[WORK TO COMPLETE]
In the entries below, find the line with "会议伊始,公司党委书记陆善勇" and transcribe it and every line after it exactly, through the last line, without pictures.

[EXCERPTED DATA]

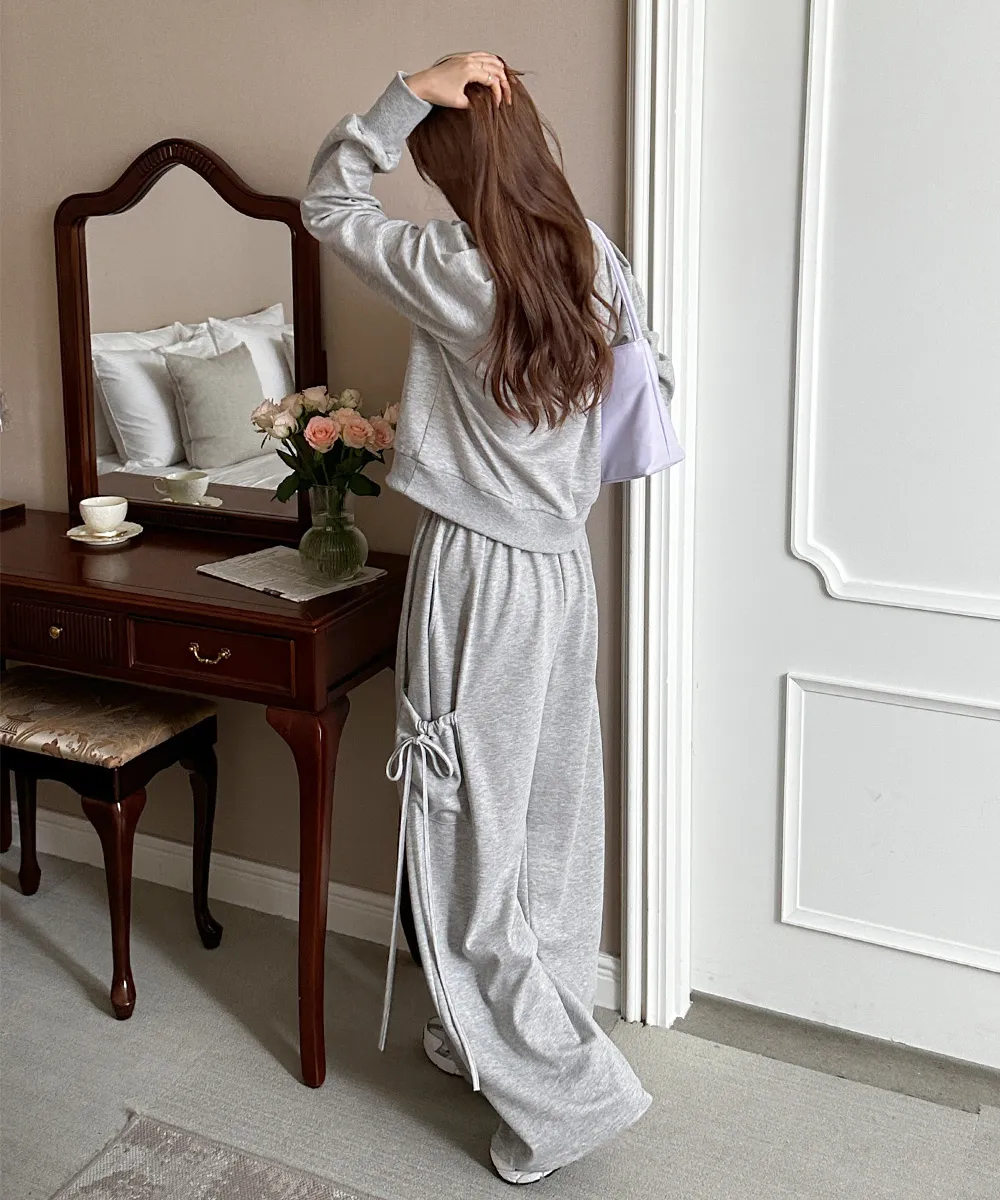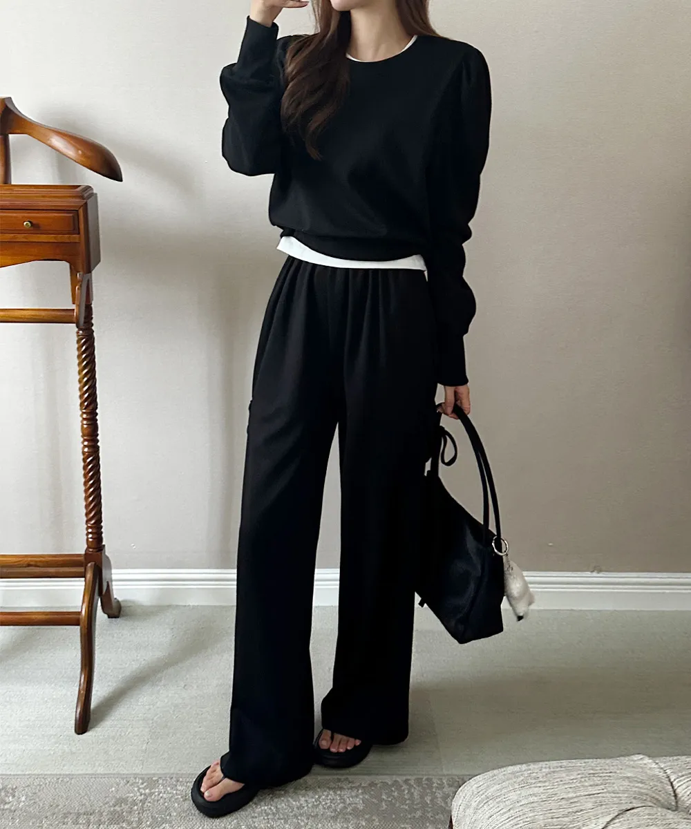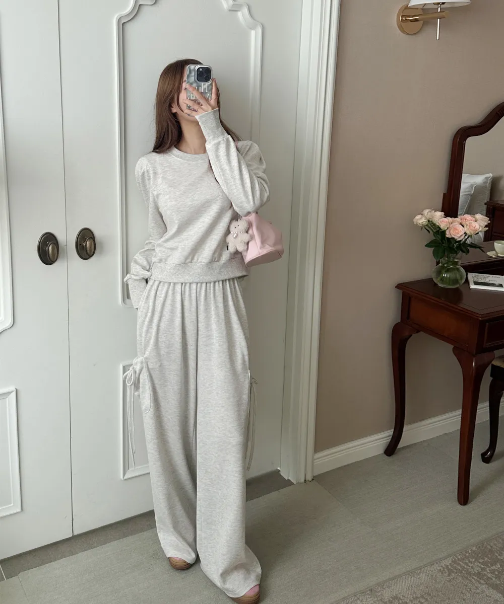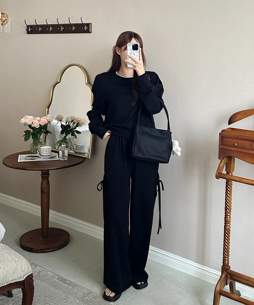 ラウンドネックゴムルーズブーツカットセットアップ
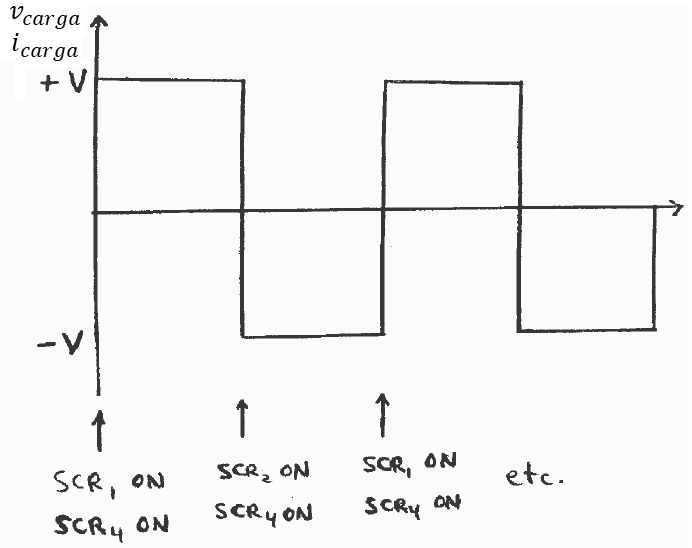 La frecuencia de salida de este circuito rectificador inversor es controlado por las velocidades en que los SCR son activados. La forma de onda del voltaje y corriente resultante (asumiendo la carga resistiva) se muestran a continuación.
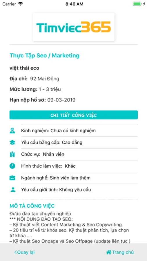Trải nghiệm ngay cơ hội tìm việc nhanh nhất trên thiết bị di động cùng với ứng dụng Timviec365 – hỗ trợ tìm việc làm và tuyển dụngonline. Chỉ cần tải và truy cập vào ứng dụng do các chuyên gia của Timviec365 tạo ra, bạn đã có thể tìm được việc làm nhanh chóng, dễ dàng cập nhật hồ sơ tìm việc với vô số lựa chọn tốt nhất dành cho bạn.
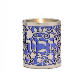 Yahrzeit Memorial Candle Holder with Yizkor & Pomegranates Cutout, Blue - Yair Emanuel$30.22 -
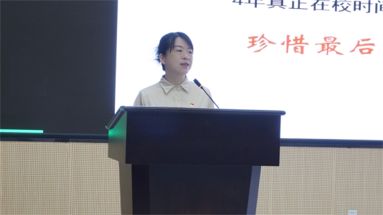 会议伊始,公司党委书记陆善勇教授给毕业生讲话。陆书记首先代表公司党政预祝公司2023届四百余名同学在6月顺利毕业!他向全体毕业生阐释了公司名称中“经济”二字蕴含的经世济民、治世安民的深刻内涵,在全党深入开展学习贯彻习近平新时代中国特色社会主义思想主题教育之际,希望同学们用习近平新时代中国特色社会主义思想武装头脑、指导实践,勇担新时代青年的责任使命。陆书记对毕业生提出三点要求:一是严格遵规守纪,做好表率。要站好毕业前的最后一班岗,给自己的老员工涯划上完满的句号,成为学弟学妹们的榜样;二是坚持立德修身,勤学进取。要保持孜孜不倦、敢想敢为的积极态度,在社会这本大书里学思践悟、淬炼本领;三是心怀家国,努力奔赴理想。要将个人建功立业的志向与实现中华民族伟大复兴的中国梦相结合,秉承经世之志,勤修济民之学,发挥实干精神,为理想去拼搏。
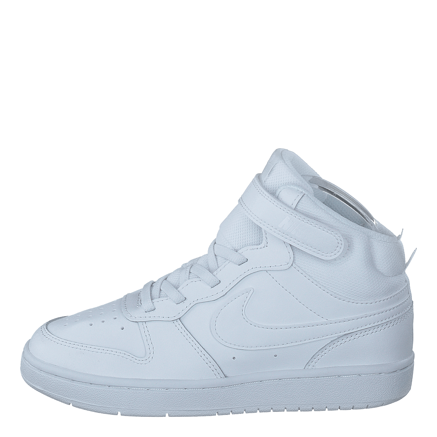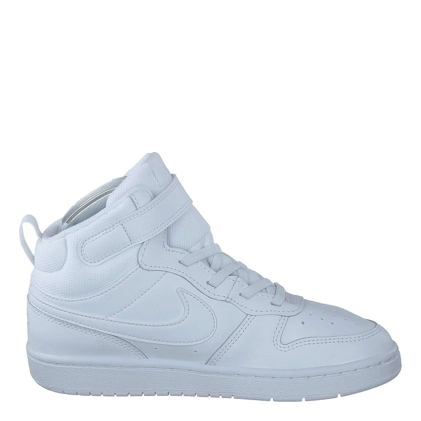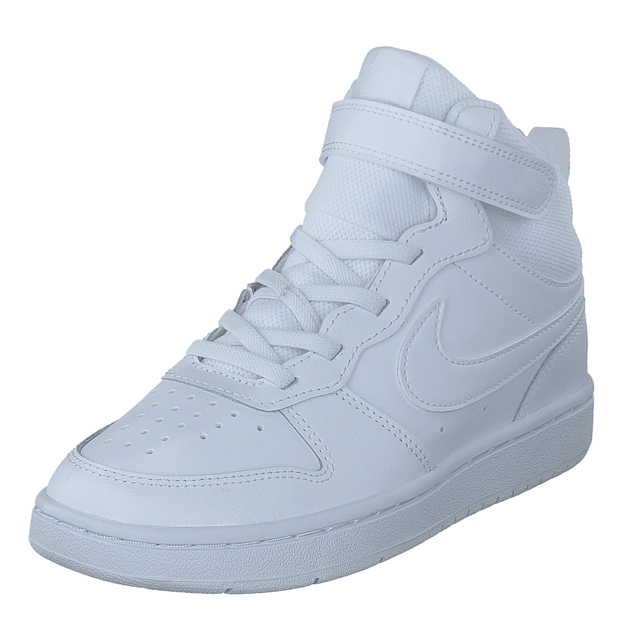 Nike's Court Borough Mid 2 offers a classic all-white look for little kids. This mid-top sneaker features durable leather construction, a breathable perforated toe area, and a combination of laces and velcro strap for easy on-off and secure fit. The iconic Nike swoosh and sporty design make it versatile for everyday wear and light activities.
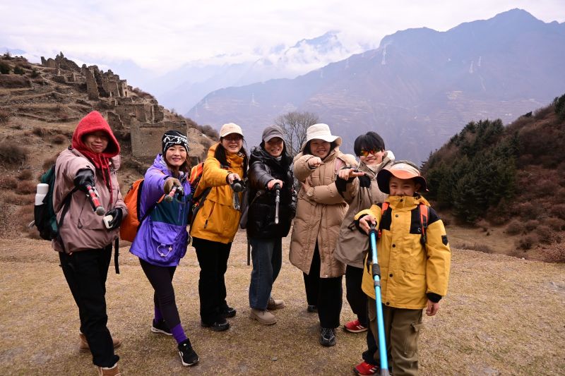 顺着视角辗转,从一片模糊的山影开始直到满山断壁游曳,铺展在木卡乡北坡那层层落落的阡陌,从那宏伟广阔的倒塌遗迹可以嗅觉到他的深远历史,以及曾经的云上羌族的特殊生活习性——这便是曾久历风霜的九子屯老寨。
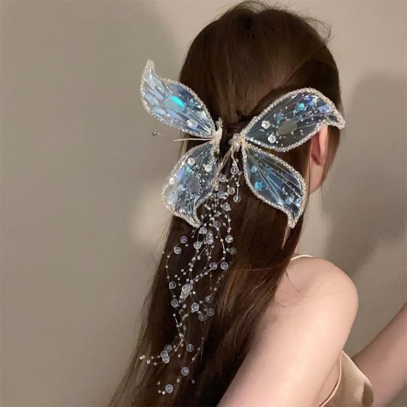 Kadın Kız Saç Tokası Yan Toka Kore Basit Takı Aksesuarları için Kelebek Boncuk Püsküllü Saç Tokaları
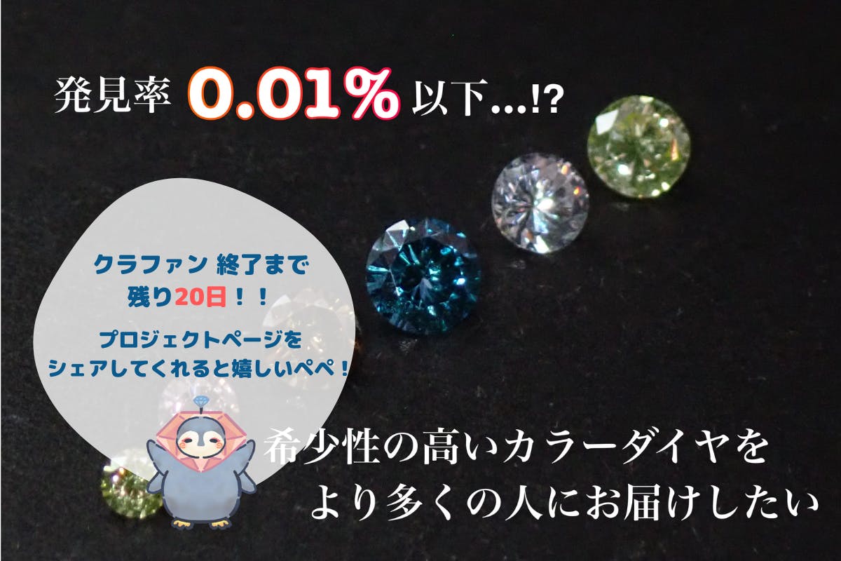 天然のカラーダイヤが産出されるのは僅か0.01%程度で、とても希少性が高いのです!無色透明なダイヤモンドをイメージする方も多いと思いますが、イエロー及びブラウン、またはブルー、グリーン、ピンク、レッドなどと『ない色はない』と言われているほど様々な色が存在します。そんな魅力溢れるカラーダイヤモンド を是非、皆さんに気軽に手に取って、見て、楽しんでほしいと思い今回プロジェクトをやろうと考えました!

[RESPONSE TO THIS TASK]
 会议伊始,公司党委书记陆善勇教授给毕业生讲话。陆书记首先代表公司党政预祝公司2023届四百余名同学在6月顺利毕业!他向全体毕业生阐释了公司名称中“经济”二字蕴含的经世济民、治世安民的深刻内涵,在全党深入开展学习贯彻习近平新时代中国特色社会主义思想主题教育之际,希望同学们用习近平新时代中国特色社会主义思想武装头脑、指导实践,勇担新时代青年的责任使命。陆书记对毕业生提出三点要求:一是严格遵规守纪,做好表率。要站好毕业前的最后一班岗,给自己的老员工涯划上完满的句号,成为学弟学妹们的榜样;二是坚持立德修身,勤学进取。要保持孜孜不倦、敢想敢为的积极态度,在社会这本大书里学思践悟、淬炼本领;三是心怀家国,努力奔赴理想。要将个人建功立业的志向与实现中华民族伟大复兴的中国梦相结合,秉承经世之志,勤修济民之学,发挥实干精神,为理想去拼搏。
 Nike's Court Borough Mid 2 offers a classic all-white look for little kids. This mid-top sneaker features durable leather construction, a breathable perforated toe area, and a combination of laces and velcro strap for easy on-off and secure fit. The iconic Nike swoosh and sporty design make it versatile for everyday wear and light activities.
 顺着视角辗转,从一片模糊的山影开始直到满山断壁游曳,铺展在木卡乡北坡那层层落落的阡陌,从那宏伟广阔的倒塌遗迹可以嗅觉到他的深远历史,以及曾经的云上羌族的特殊生活习性——这便是曾久历风霜的九子屯老寨。
 Kadın Kız Saç Tokası Yan Toka Kore Basit Takı Aksesuarları için Kelebek Boncuk Püsküllü Saç Tokaları
 天然のカラーダイヤが産出されるのは僅か0.01%程度で、とても希少性が高いのです!無色透明なダイヤモンドをイメージする方も多いと思いますが、イエロー及びブラウン、またはブルー、グリーン、ピンク、レッドなどと『ない色はない』と言われているほど様々な色が存在します。そんな魅力溢れるカラーダイヤモンド を是非、皆さんに気軽に手に取って、見て、楽しんでほしいと思い今回プロジェクトをやろうと考えました!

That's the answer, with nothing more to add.